Que un niño diga: “mi papá es mejor que el
tuyo”, esencialmente no difiere a que un adulto afirme que su Dios, país,
gobierno, iglesia, costumbres… son mejores que los de otros individuos o grupos.
El término “etnocentrismo” proviene de la Antropología
y se refiere a la tendencia de considerar lógicas y normales a las propias
prácticas, y exóticas y poco
entendibles a las de grupos ajenos . Por etnocentrismo etiquetamos como "raros" o
"equivocados" a los individuos y grupos que piensan o actúan de
manera distinta a la que nosotros acostumbramos, y nos es difícil apreciarlos.
Lo anterior ocasiona que un
individuo o grupo se presuponga superior, y también
es la materia prima para construir la propia identidad: ¿Quién soy yo? ¿A qué o
a dónde pertenezco? ¿Estoy bien, o estoy mal?
En el otro extremo y muy de moda, están los
términos “globalización” y “ecumenismo”, en los que subyace la creencia de que
no hay mejores y peores, sino en distinto grado de desarrollo.
“Globalización” se refiere a un proceso de comunicación e interdependencia crecientes entre los distintos países del mundo. Este proceso es económico, tecnológico, político, social y cultural que une mercados, sociedades y culturas, a través de una serie de transformaciones sopciales, económicas y políticas.

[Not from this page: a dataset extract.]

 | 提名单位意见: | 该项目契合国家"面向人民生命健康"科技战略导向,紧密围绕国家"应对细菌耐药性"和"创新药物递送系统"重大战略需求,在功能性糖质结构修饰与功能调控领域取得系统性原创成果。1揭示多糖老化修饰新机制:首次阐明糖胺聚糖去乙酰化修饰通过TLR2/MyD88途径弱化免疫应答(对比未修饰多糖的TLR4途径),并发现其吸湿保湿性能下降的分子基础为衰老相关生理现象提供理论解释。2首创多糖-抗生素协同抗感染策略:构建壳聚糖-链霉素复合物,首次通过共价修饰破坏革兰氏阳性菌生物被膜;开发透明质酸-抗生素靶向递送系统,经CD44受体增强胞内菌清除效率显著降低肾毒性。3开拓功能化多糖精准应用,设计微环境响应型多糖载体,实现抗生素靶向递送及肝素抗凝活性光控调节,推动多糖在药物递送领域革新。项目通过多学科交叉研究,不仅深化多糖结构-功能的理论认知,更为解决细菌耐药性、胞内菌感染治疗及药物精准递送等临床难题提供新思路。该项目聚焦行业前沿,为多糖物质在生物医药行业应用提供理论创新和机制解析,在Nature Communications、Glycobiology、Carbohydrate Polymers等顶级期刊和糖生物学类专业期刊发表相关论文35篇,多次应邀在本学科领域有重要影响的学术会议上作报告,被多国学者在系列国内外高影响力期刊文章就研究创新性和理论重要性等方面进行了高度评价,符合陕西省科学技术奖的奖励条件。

“Ecumenismo” es un movimiento que busca la
restauración de la unidad de los cristianos, es decir, de las distintas confesiones religiosas cristianas.
Estas visiones, que también ayudan a la identidad
del individuo y del grupo como miembro del género humano, en ocasiones resultan
demasiado amplias. Ya sabemos que en el continuum “yo-los demás”, si un sujeto
no ha formulado una buena imagen de sí mismo, es incapaz de abrirse a otros,
estimarlos y considerarlos sus semejantes; le urge sentirse superior (el
complejo de inferioridad es un fracaso en sentirse mejor que otros). Dígase lo
mismo de un grupo.
Cabe la pregunta: ¿nosotros, los mexicanos, preferimos
más el etnocentrismo, o la globalización y el ecumenismo?
Es posible que igual estemos inclinados o
defensivos ante alguna de estas tendencias. En teoría, podemos elegir una, pero
en la práctica, apegarnos a ella sola es difícil; los hábitos y costumbres
tienen peso propio; las tendencias sociales, también. Es el eterno reto de
encontrar el equilibrio entre singularidad y pluralidad.
Hagamos una pequeña exploración:
¿Te gustaría que cada comunidad conservara su
traje típico, o que vistieran según las modas que vienen de Europa y los
Estados Unidos?
¿Desearías que se diluyeran las fronteras
entre países, o que se sigan necesitando visas, impuestos de aduana, controles
sobre exportaciones e importaciones?
¿Estarías de acuerdo con que todos los
creyentes en Jesucristo formaran una sola iglesia? Y en caso afirmativo, ¿que
el jefe de ella fuera nuestro Papa, o se eligiera a algún otro obispo, pastor,
presbítero o como se les llame, proveniente de un grupo de los que ahora se llaman no-católicos?
¿Cómo sería para ti dejar de llamar
"sectas" a las agrupaciones cristianas que tienen ritos distintos
para orar y predicar?
Algo debiste responder en tu interior a cada
pregunta. Nos sucede parecido a cuando una pareja se casa; ambos están secretamente
dispuestos a que prevalezcan sus propias costumbres, maneras de cocinar,
vestir, educar a los hijos o pasar las vacaciones.
Lograr el necesario equilibrio entre defender
el propio pensamiento y no volverlo dogmático; es decir, no considerarlo indiscutible
y que los demás estarían mal si rehúsan acatarlo; y permitir que los demás nos
enriquezcan con sus aportaciones sin convertirnos en “borrego del rebaño”, necesita un buen trabajo de reflexión y
grandes dosis de humildad para reconocer que también los otros tienen ideas
funcionales, y no siempre son como las nuestras.